Banks hiked their dividends to shareholders by 61 per cent to some £7.8bn to investors in the three months to the end of June, despite a wider slowdown in dividend payments to shareholders, according to the latest dividend monitor from Computershare.

UK dividends fell nine per cent in total on a headline basis to £32.8bn in the second quarter, on the back of a slowdown in frothy one-off special dividends.

The bumper period for banks comes as lenders make hay on the back of rate hikes over the past year and charge higher costs to borrowers.

Mark Cleland, chief of issuer services at Computershare, said UK firms collectively had made bumper profits last year and dividends had followed suit.

“Banking profits are soaring as they benefit from higher interest rates, and dividends are following suit,” he added.

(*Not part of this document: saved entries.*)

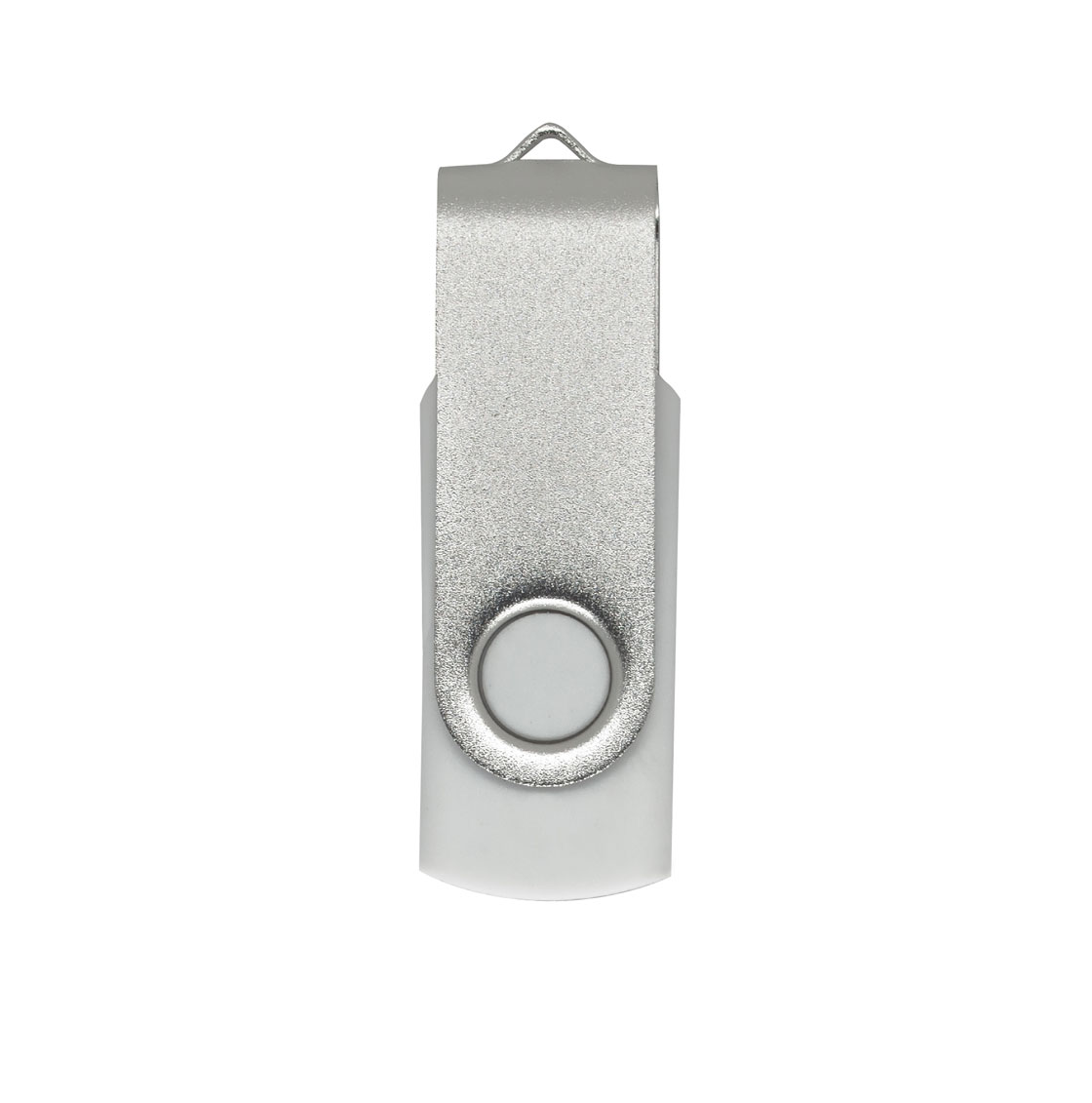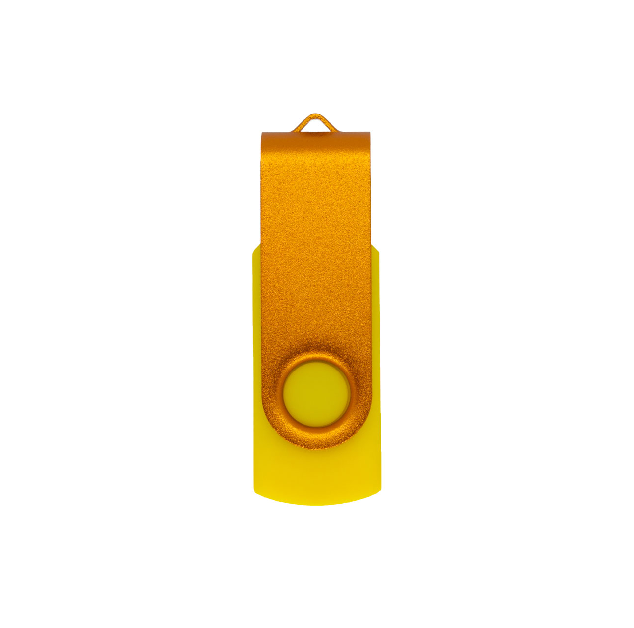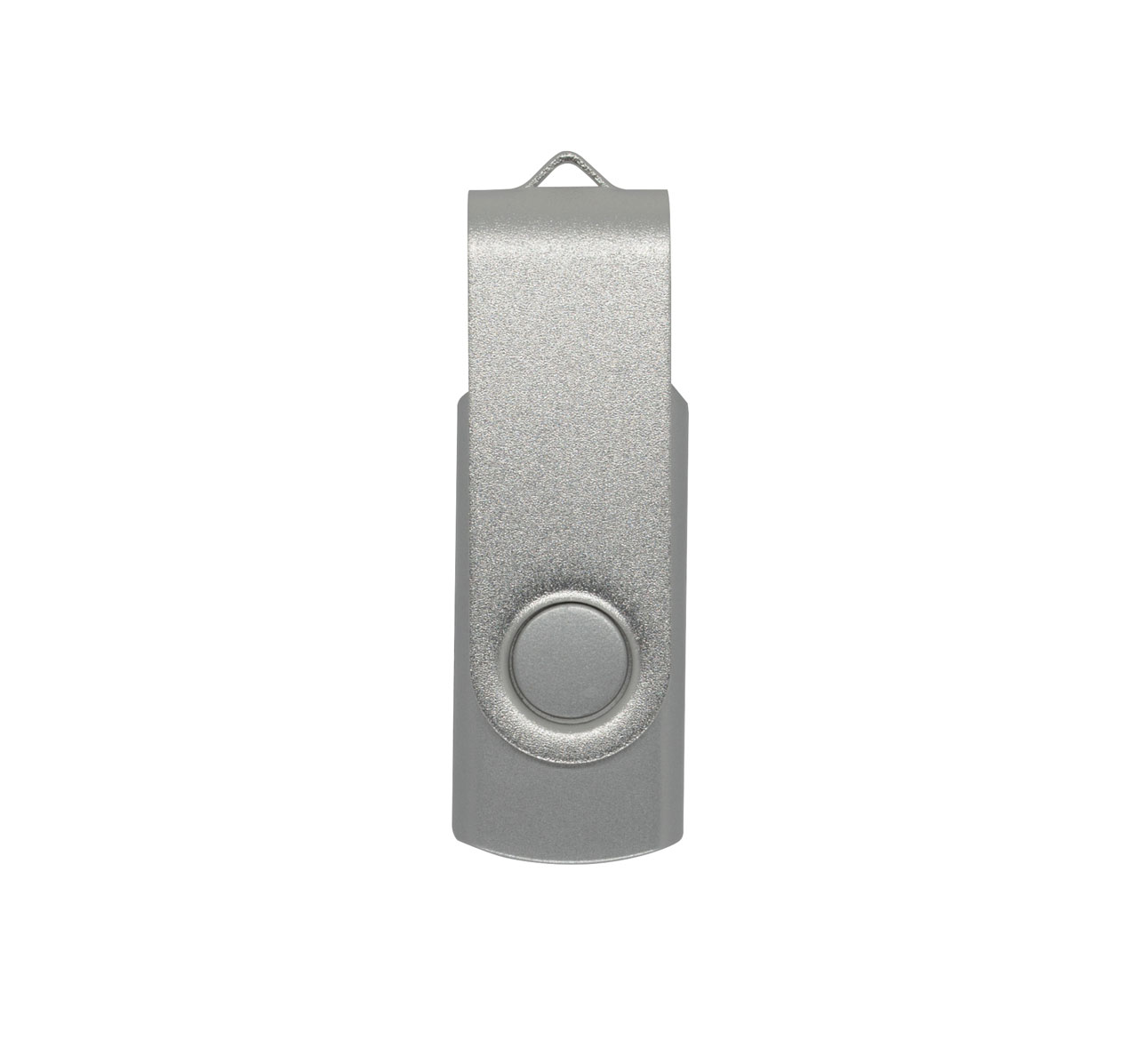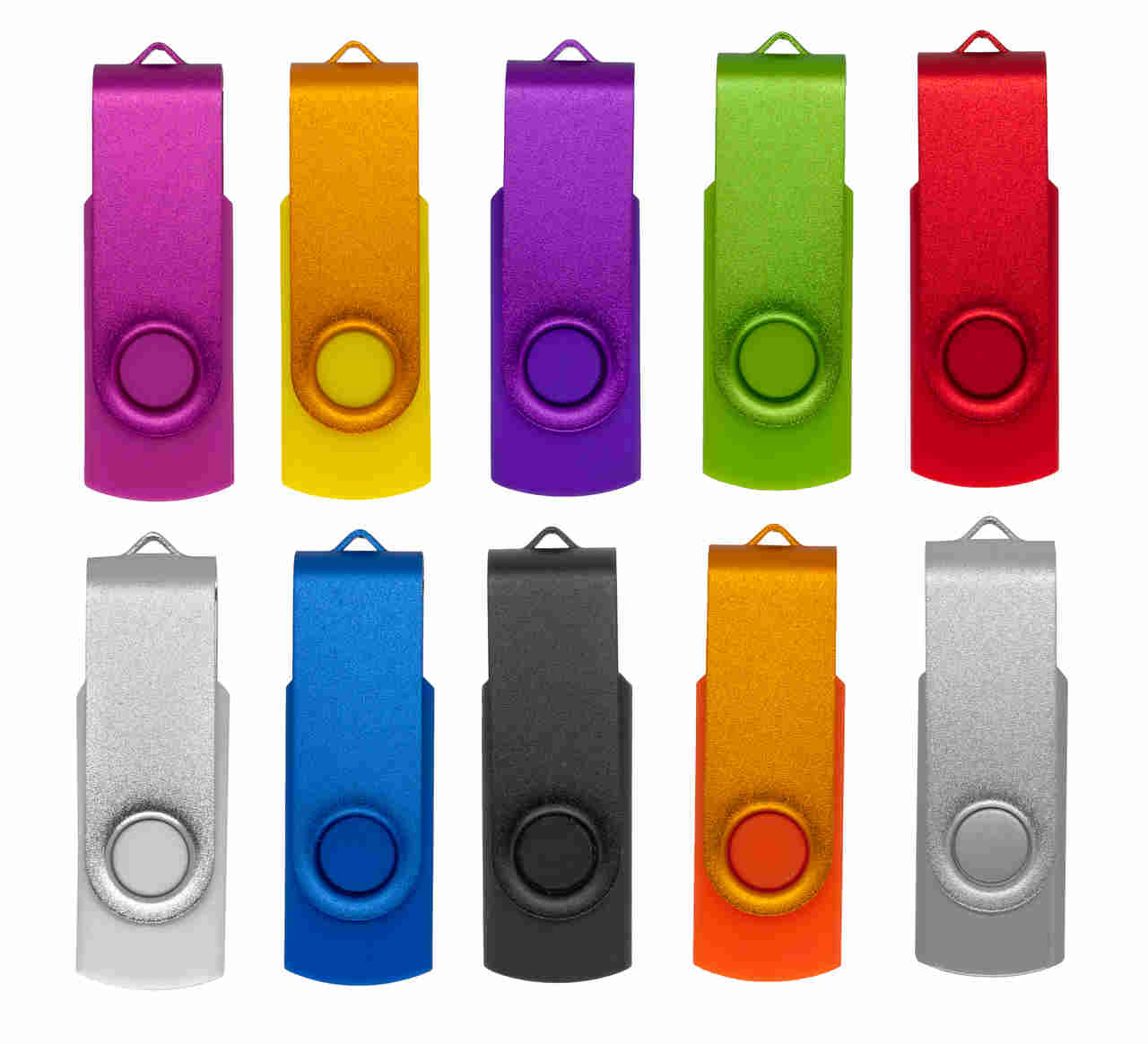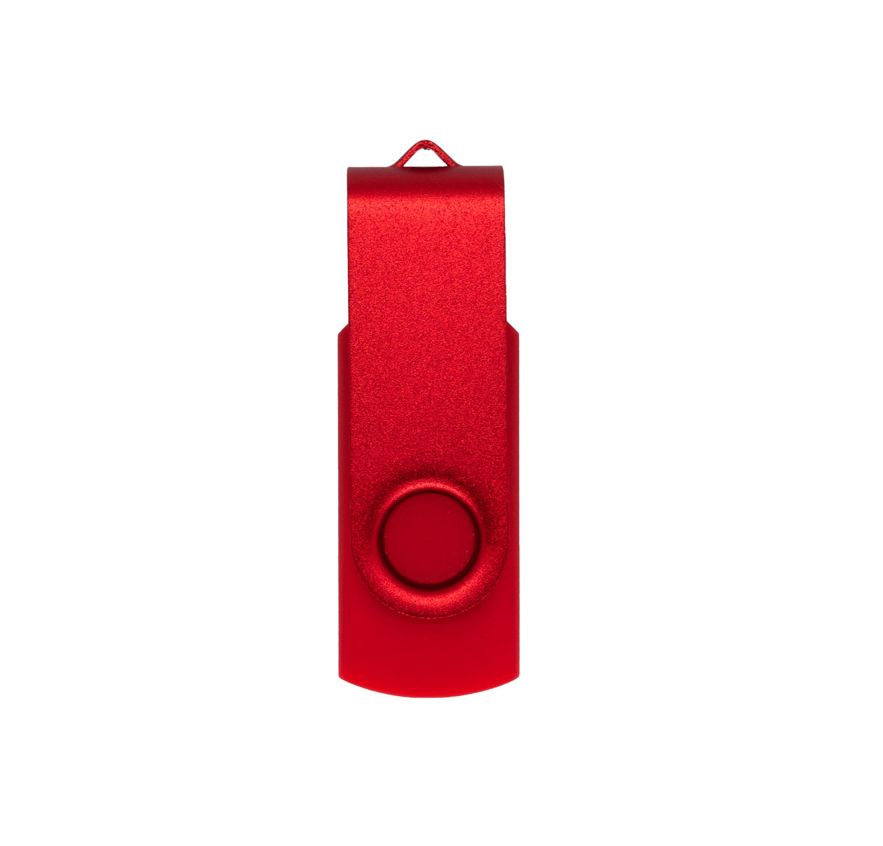 Pen drive de metal giratório com detalhes coloridos, capacidade 8 Gb, parte interna em plástico resistente. Possui uma “argola” na parte em metal prata que poderá ser utilizado para colocar algum cordão, medidas 5,8 cm x 2 cm. Gravação a laser.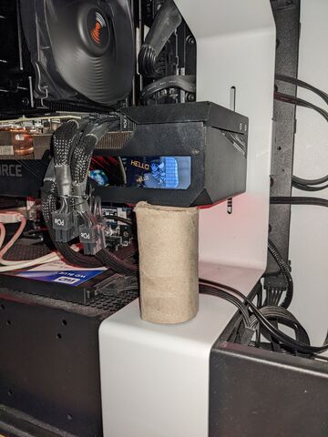 Az én vga-m elég nehéz, most gondolkodom egy műanyag csövön ez eddigi (ideiglenes) papírhenger helyett. Olyan 4-5 milimétert lógna a vége nélküle. Irgalmatlan léghűtés van rajta, és nem tartja túl sok minden a hátlapi csavarokon túl.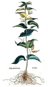 Schwalbenwurtz hat einen hohen / glatten / runden / unnd dünnen stengel / mit vil zweigen / die bletter seind lang / dem Ephew nit seer ungleich / schwartzgrün. Die blümlin seind bleychweiß / eins starcke geruchs / darauß werde lange spitzige schotten oder schäfen / jnwendig gefült mit gefiderten oder harechten / rotlechten / breyten samen / welche so sie sich auff thun / seind sie einem schwalben nit ungleich. Die wurtzel ist gantz zasecht durch einander geflochten / mit vilen kleinen runden wurtzeln / schier wie die Christwurtz / unnd hat einen starcken geruch.

“Outside the banking sector, companies with pricing power are building margins, contributing to inflation but in turn boosting their dividend fire power, and there are still small pockets where dividends are still catching up after cuts made during the pandemic, which is boosting the total paid.”

HSBC is on track to becoming the UK’s largest dividend payer this year for the first time since 2008 after signalling it has cash to burn on further hikes in payouts and share buybacks this year.

The biggest negative impact on the overall figure came from sharply lower mining dividends, which fell by a third as lower commodity prices impacted cash flows in the sector.

Mining firms had led the charge over the past two years as wild commodity prices helped push up profits.